**Your task**: Please restate each line of the data below exactly. Omit all images.

**Records drawn from a dataset**:

+++++

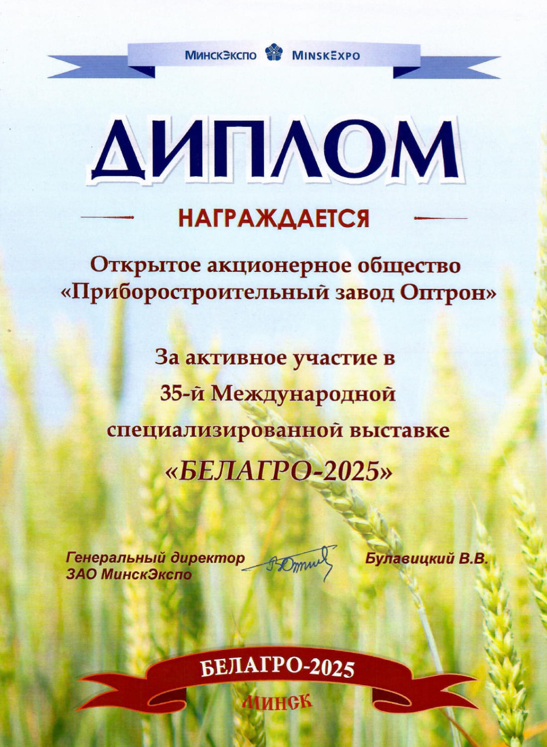 С 3 по 7 июня 2025 года, в Минском международном выставочном комплексе, ОАО «Приборостроительный завод Оптрон» принял активное участие в 35-ой Международной специализированной выставке «Белагро-2025» в составе коллективной экспозиции Национальной академии наук Беларуси.
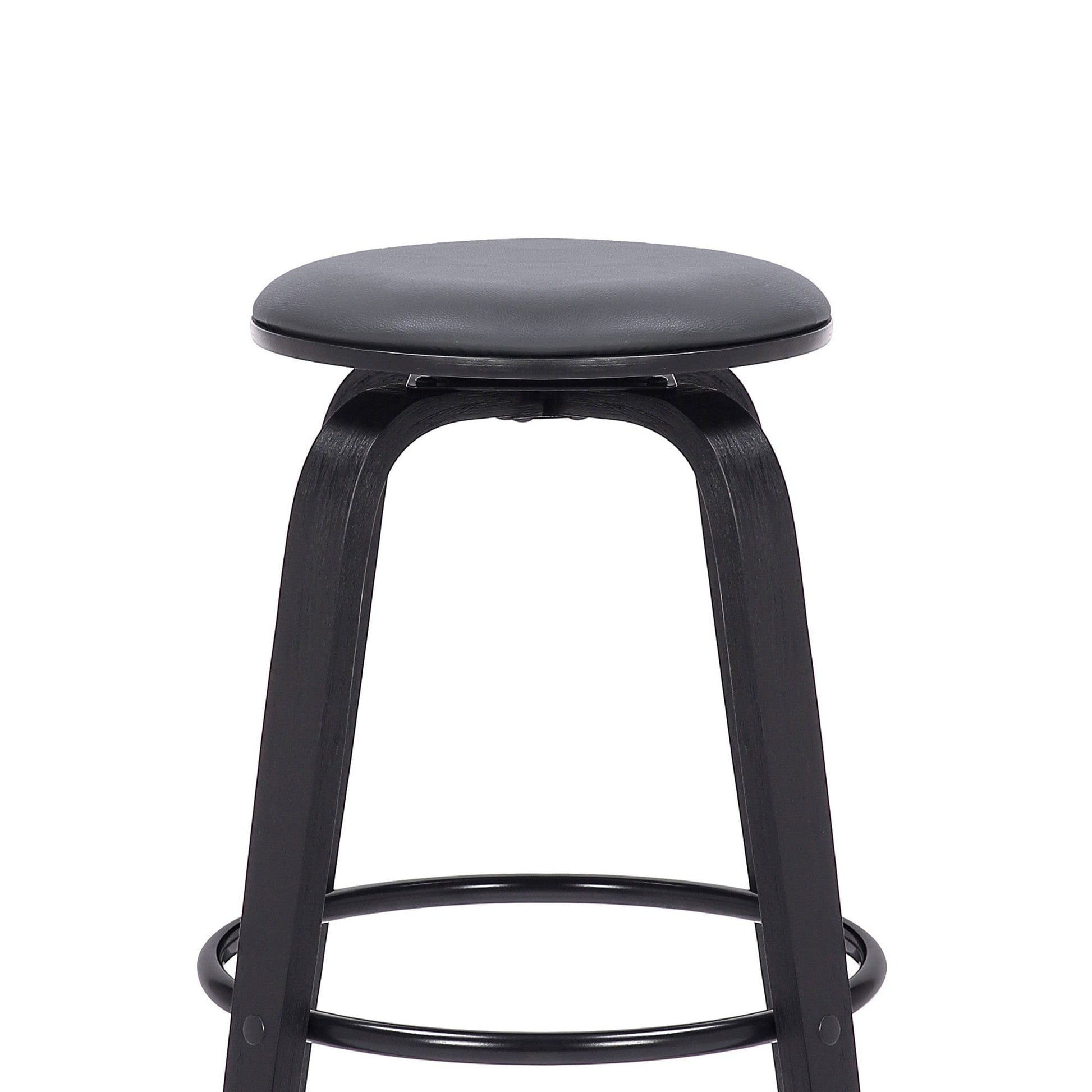 Get that mid-century English pub look in your living room with this Gray Faux Leather Backless Modern Swivel Bar Stool. The dated design along with the antiquated colors bring a flourish of a retro aesthetic tailored to fit your style. The backless stool rotates 360-degrees to make it a fun addition to your living room when entertaining guests. Crafted with a fine faux leather upholstery and metal base, the chair is minimalist without being dull. The base of the chair in a black wooden finish is paired with a gray faux leather for a luxurious look with a modern flair. The simplicity of the stool puts a bold influence in any room that is styled in a modern or traditional aesthetic. 29” x 17” x 17”
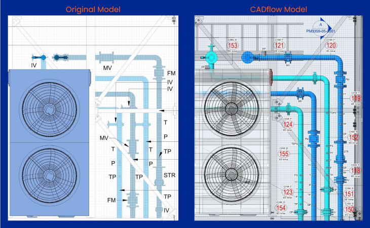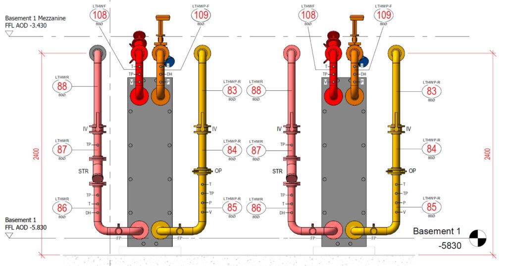 Here at CADflow, we pride ourselves on our meticulous approach to every task, guaranteeing exceptional quality in our models and drawings. We excel in the design of plant rooms. We hold unwavering confidence in our designs and final outcomes, believing they will significantly contribute to our clients winning repeat business from their own clientele.
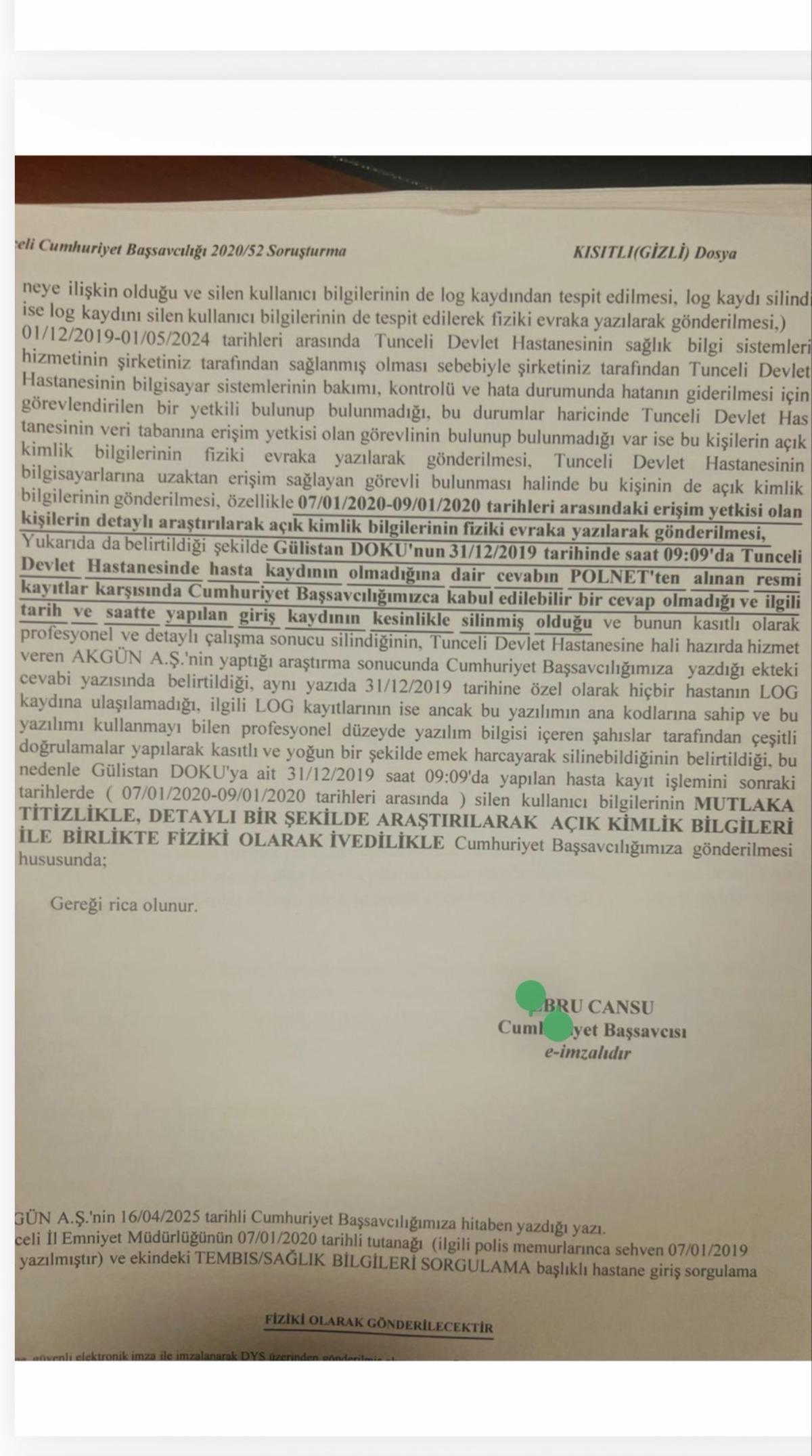 Gülistan Doku soruşturmasında Başsavcılık, gizli tanık iddiasına göre uyuşturucu madde etkisi altında iken istismar edildiği iddia edilen Gülistan Doku’nun hastane başvuru kaydının POLNET ekranında görüldüğü halde hastane kayıtlarında çıkmaması üzerine yapılan araştırmada o güne dair tüm kayıtların silindiği şeklinde bir bulguya ulaşıyor.
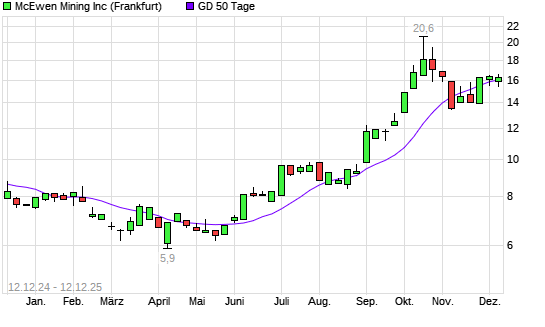 Mit dem Rücksetzer auf 15,90 EUR hat die McEwen Mining-Aktie am 11.12.2025 die 50-Tage-Linie nach unten gekreuzt.
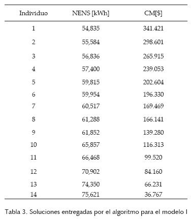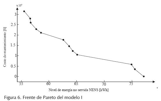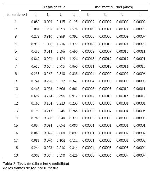 A continuación se presentan los resultados de la aplicación de la metodología de optimización NSGA-II al modelo matemático basado en tasas de falla, propuesto en el modelo I de la sección de formulación del problema. En la tabla 2 se presentan las tasas de falla y las indisponibilidades de los tramos de red del sistema, las cuales se obtienen a partir de datos históricos.

+++++

**Task output**:
 С 3 по 7 июня 2025 года, в Минском международном выставочном комплексе, ОАО «Приборостроительный завод Оптрон» принял активное участие в 35-ой Международной специализированной выставке «Белагро-2025» в составе коллективной экспозиции Национальной академии наук Беларуси.
 Get that mid-century English pub look in your living room with this Gray Faux Leather Backless Modern Swivel Bar Stool. The dated design along with the antiquated colors bring a flourish of a retro aesthetic tailored to fit your style. The backless stool rotates 360-degrees to make it a fun addition to your living room when entertaining guests. Crafted with a fine faux leather upholstery and metal base, the chair is minimalist without being dull. The base of the chair in a black wooden finish is paired with a gray faux leather for a luxurious look with a modern flair. The simplicity of the stool puts a bold influence in any room that is styled in a modern or traditional aesthetic. 29” x 17” x 17”
 Here at CADflow, we pride ourselves on our meticulous approach to every task, guaranteeing exceptional quality in our models and drawings. We excel in the design of plant rooms. We hold unwavering confidence in our designs and final outcomes, believing they will significantly contribute to our clients winning repeat business from their own clientele.
 Gülistan Doku soruşturmasında Başsavcılık, gizli tanık iddiasına göre uyuşturucu madde etkisi altında iken istismar edildiği iddia edilen Gülistan Doku’nun hastane başvuru kaydının POLNET ekranında görüldüğü halde hastane kayıtlarında çıkmaması üzerine yapılan araştırmada o güne dair tüm kayıtların silindiği şeklinde bir bulguya ulaşıyor.
 Mit dem Rücksetzer auf 15,90 EUR hat die McEwen Mining-Aktie am 11.12.2025 die 50-Tage-Linie nach unten gekreuzt.
 A continuación se presentan los resultados de la aplicación de la metodología de optimización NSGA-II al modelo matemático basado en tasas de falla, propuesto en el modelo I de la sección de formulación del problema. En la tabla 2 se presentan las tasas de falla y las indisponibilidades de los tramos de red del sistema, las cuales se obtienen a partir de datos históricos.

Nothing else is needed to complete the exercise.